Pineapple plants flourishing with organic manure


About the CRIWMP or ‘Wew Gam Pubuduwa’:

The Sri Lanka Red Cross Society (SLRCS) mobilizes farmer communities in the dry zone to adapt climate-resilient agricultural activities and is an implementing organization of CRIWMP – which is a 7-year project begun in 2017, aiming at strengthening the resilience of smallholder farmers in Sri Lanka’s Dry Zone to unpredictable climate and extreme events.

The Project is financed through a grant received from the Green Climate Fund (GCF) while the Government of Sri Lanka has committed to co-finance the activities identified under the Project as well. The Ministry of Irrigation is an implementing partner for this project, and technical assistance is lent by the United Nations Development Program (UNDP) as well. The SLRCS works with a number of government institutions to deliver the project activities and outputs while measuring its impact.

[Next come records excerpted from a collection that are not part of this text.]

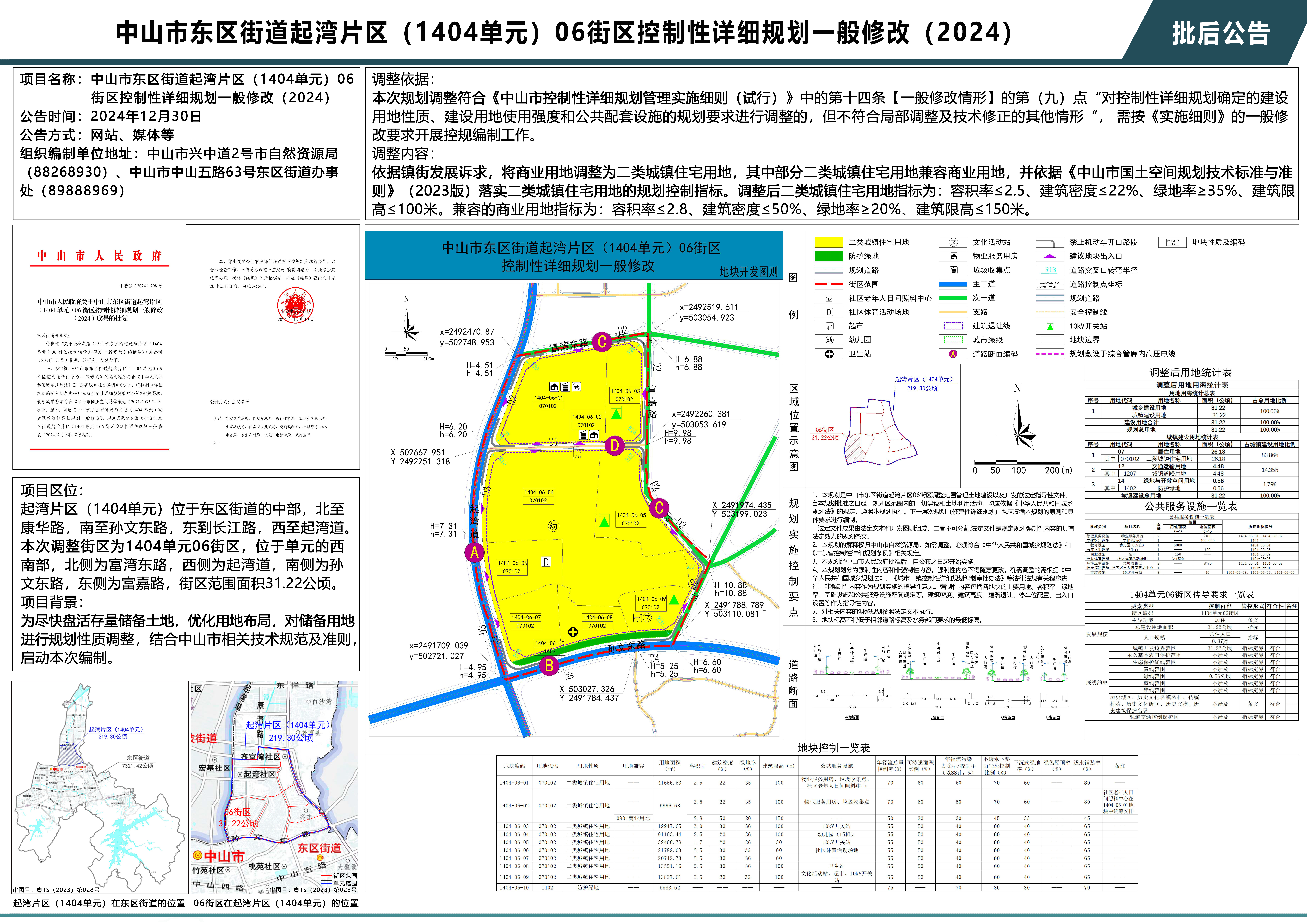 《中山市东区街道起湾片区(1404单元)06街区控制性详细规划一般修改(2024)》批后公告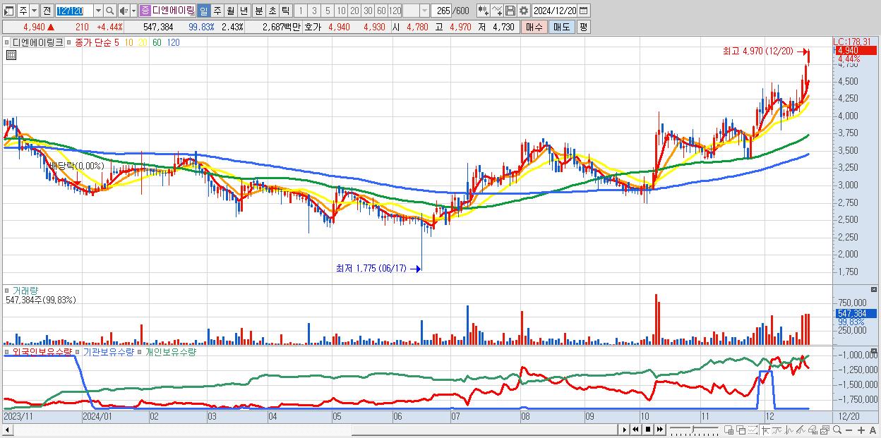 디엔에이링크 4,940원 ▲ 4.44% (KOSDAQ, 127120)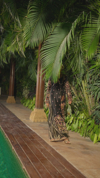 A midnight statement of elegance — rich black tones, intricate artistry and a silhouette that moves with quiet drama. Modern, regal and effortlessly striking, this jacket set is crafted for evenings that call for presence.

[1] Forward sales agreement is a customized contract between the company and farmer; to buy and sell harvest at a specified price on a future date.

[2] Read more about how Asha and Nalin accomplished this at: https://www.redcross.lk/main-news/balancing-the-act-livestock-farming-and-bio-gas-production-brings-about-economic-and-climate-change-adaptation-cca-benefits/

[3] Farm gate price is the price received by farmers for their produce at the location of farm. Thus the costs of transporting from the farm gate to the nearest market or first point of sale and market charges for selling the produce are, not included in the farm gate prices.

[4] Post-harvest losses are quantitative and qualitative losses occur between harvest and the moment of human consumption. They include practices applied at harvest and handling, and challenges in marketing produce. Significant losses are caused by inadequate storage conditions as well as decisions made at earlier stages of the supply chain, including transportation, storage, and processing, which predispose products to a shorter shelf life.

[5] Food miles are the distance food is transported from the time of its harvesting until it reaches the consumer. Food miles are one factor used when testing the environmental impact of food.